Después de más de dos décadas dejando su huella en algunas de las series más importantes de Marvel Comics, Daniel Acuña se enfrenta a uno de los proyectos más personales de toda su carrera. Escape, la nueva obra creada junto al guionista Rick Remender y publicada en España por NORMA Editorial, utiliza un escenario inspirado en la Segunda Guerra Mundial y personajes antropomórficos para construir un thriller bélico donde la acción convive con una profunda reflexión sobre la culpa, la violencia y la deshumanización que provoca cualquier conflicto.
Con motivo de su lanzamiento, en AkibaStation hemos podido conversar con Daniel Acuña sobre el proceso creativo de Escape, el reto de construir un universo completamente nuevo, su forma de entender la narrativa visual y cómo esta obra le ha llevado a replantearse incluso su manera de dibujar después de tantos años trabajando en la industria estadounidense.
"Ya no quiero hacer una página al día. Necesito dos para que cada una sea mejor que la anterior."

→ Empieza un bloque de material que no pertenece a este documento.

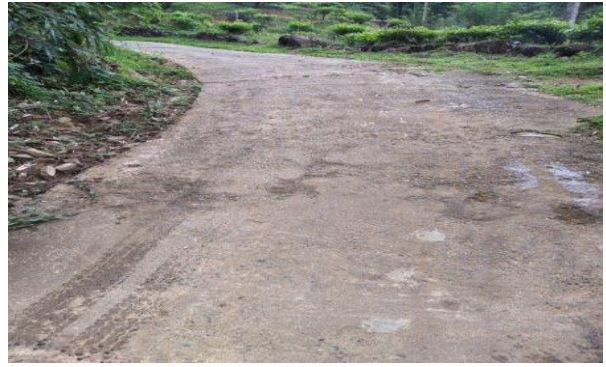
From RB Side RB - Dikellakanda

Después de tantos años trabajando con personajes tan conocidos como los de Marvel, ¿qué ha significado para ti enfrentarte a una obra como Escape, donde todo el universo visual dependía de vosotros?
La verdad es que supone una responsabilidad diferente,
aunque también tiene muchas ventajas. En realidad, yo empecé haciendo
personajes propios en España, con Claus & Simón, así que tampoco me
resulta algo completamente nuevo.
Además, en este caso no partíamos de cero. La historia bebe
mucho de la estética de los años cuarenta, de modo que el lector reconoce
enseguida el contexto en el que nos movemos. Eso me permite disfrutar de una de
las partes que más me gustan del trabajo: documentarme. Me encanta investigar
cómo era una cocina de los años cuarenta, cómo eran los grifos, los vehículos o
cualquier objeto cotidiano para que todo resulte coherente.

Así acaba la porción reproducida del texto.